We were in the Trelawny area the end of August 1988 on our honeymoon...Missed it by a few weeks.
Just had our 25th anniversary and still love traveling to Jamaica...

----------


## Rob

This is what I wrote here just over 2 years ago when the 23rd anniversary was the topic of the day:

"I was staying on the beach at the Native Sun Villas (now the Sea Sand Eco Villas) when Gilbert passed overhead. There are really no words I have ever been able to come up with to properly describe that hurricane - to say I was frightened would be an understatement!

But the reaction of the Jamaican people after Gilbert was the single most important reason why I made the decision to live in Jamaica. And my decision to move here has been backed up by the folks I run into everyday - their resourcefulness is still a daily inspiration for me!"

----------


## Firefly Cottages

That's Lovely!

----------


## Firefly Cottages

Amen to that Rob.  Great way to put it.

----------


## Beebeluv

i was ten months and a day old probably just with my mother in california.

----------


## Weathermon & Mi Lady

Since it was a Monday, I was at work in Kansas City, Missouri. It was another life for me than I have now and Jamaica wasn't  on my radar screen at this time. 

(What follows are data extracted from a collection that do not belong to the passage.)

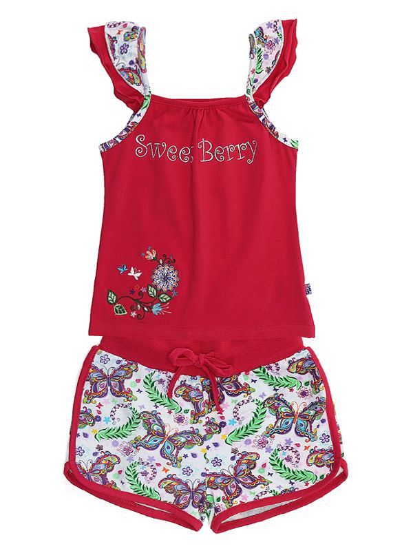 Яркий комплект из двух предметов: майка и шорты. Майка с бретелями-крылышками из двух видов ткани. Декорирована вышивкой. Шорты из принтованной ткани. Трикотажная резинка регулируется шнурком.
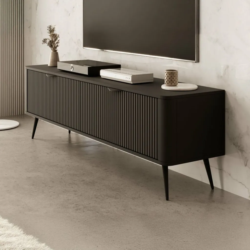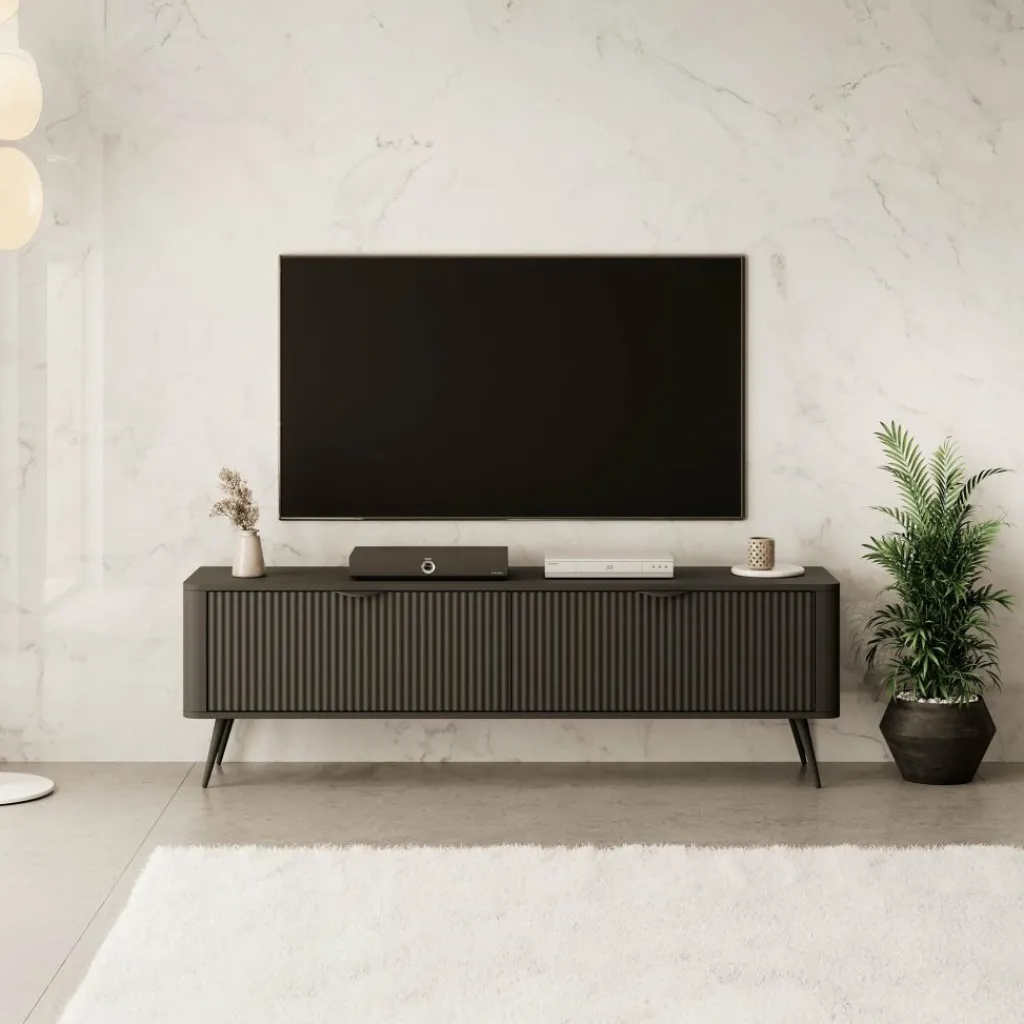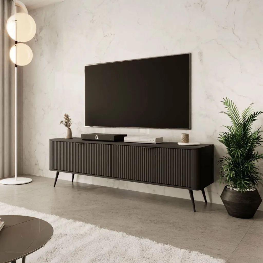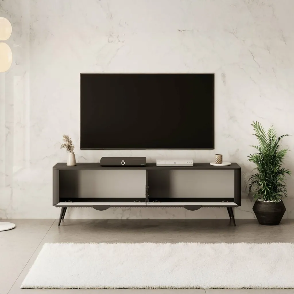 TV-Meubel Lima beschikt over 2 kleppen met daarachter grote opbergvakken. Deze deuren zijn te openen met zwarte handgrepen. Er zit geen uitsparing in de achterwand om eventuele bedrading weg te kunnen werken. De voorkant van de kast heeft een latten patroon.
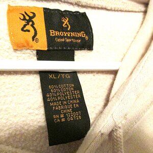 This Browning women's Hoodie Sweatshirt is a Pullover style, long sleeves, hooded drawstring neck, kangaroo pockets and front graphic. It has been worn and laundered only once and is in like new condition with no stains or damage of any kind. From a smoke free home.
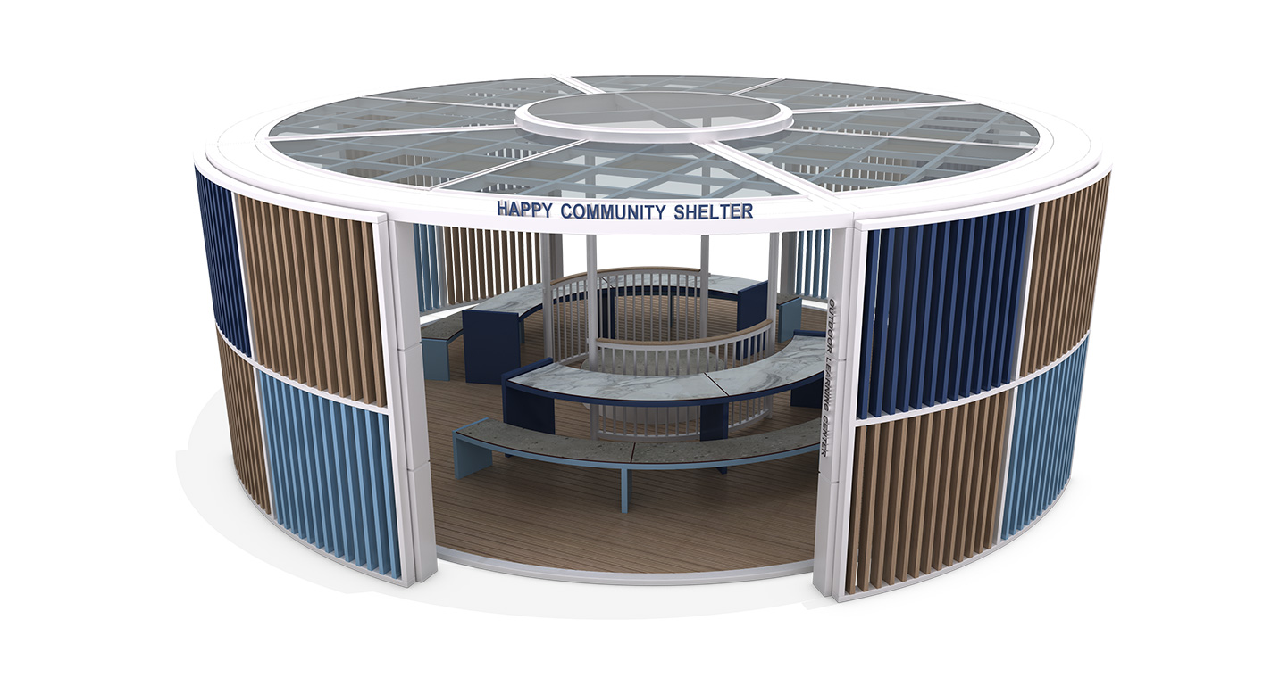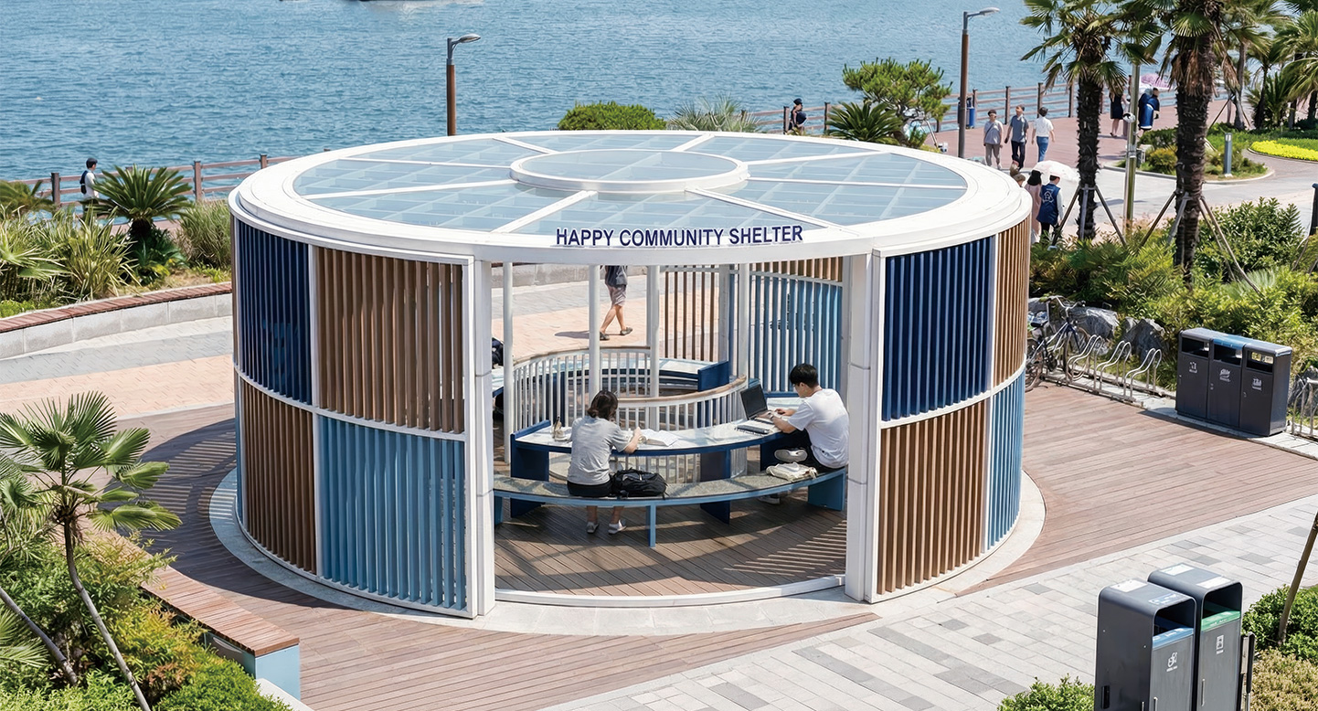 라인 갤러리 아고라(LINE GALLERY AGORA)|DAUM-P-2767 제품목록으로 바로가기 자료 및 바로가기 나라장터 바로연결 도면 다운로드 시공사진 보러가기 기타 블루와 브라운 톤의 수직 루버가 외벽을 감싸 안정감을 부여합니다. 원형 지붕 아래 동심원 형태로 배치된 테이블은 밀도 높은 토론과 협력 학습을 지원합니다. 제품명 라인 갤러리 아고라(LINE GALLERY AGORA)|DAUM-P-2767 물품식별번호 25939659 규격 8,000 × 8,000 × 3,000(H) 재질 stl, galvanized, hard wood, polycarbonate, hpl 라인 갤러리 아고라(LINE GALLERY AGORA)|DAUM-P-2767 물품식별번호 25939659 규격 8,000 × 8,000 × 3,000(H) 재질 stl, galvanized, hard wood, polycarbonate, hpl 기타 블루와 브라운 톤의 수직 루버가 외벽을 감싸 안정감을 부여합니다. 원형 지붕 아래 동심원 형태로 배치된 테이블은 밀도 높은 토론과 협력 학습을 지원합니다. 자료 및 바로가기 나라장터 바로연결 도면 다운로드 시공사진 보러가기
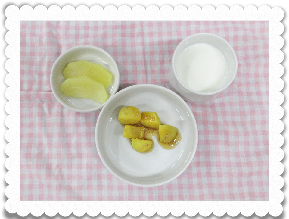 午後食:スープパン粥、さつま芋のつぶし煮、野菜スープ、果物

However, I was aware of Hurricane Gilbert and the devastation it was causing. It was the most intense hurricane in the Atlantic Basin up to that time and the largest. The name "Gilbert" was retired and will never be used again to name another hurricane.

----------


## Muck

I can vividly recall what I was doing on Sept 12th, 1988 as that was my very first day of Marine Corps bootcamp in San Diego. I doubt they made any mention of the hurricane to the recruits.

----------


## Firefly Cottages

Thats Interesting Muck and Weathermon

----------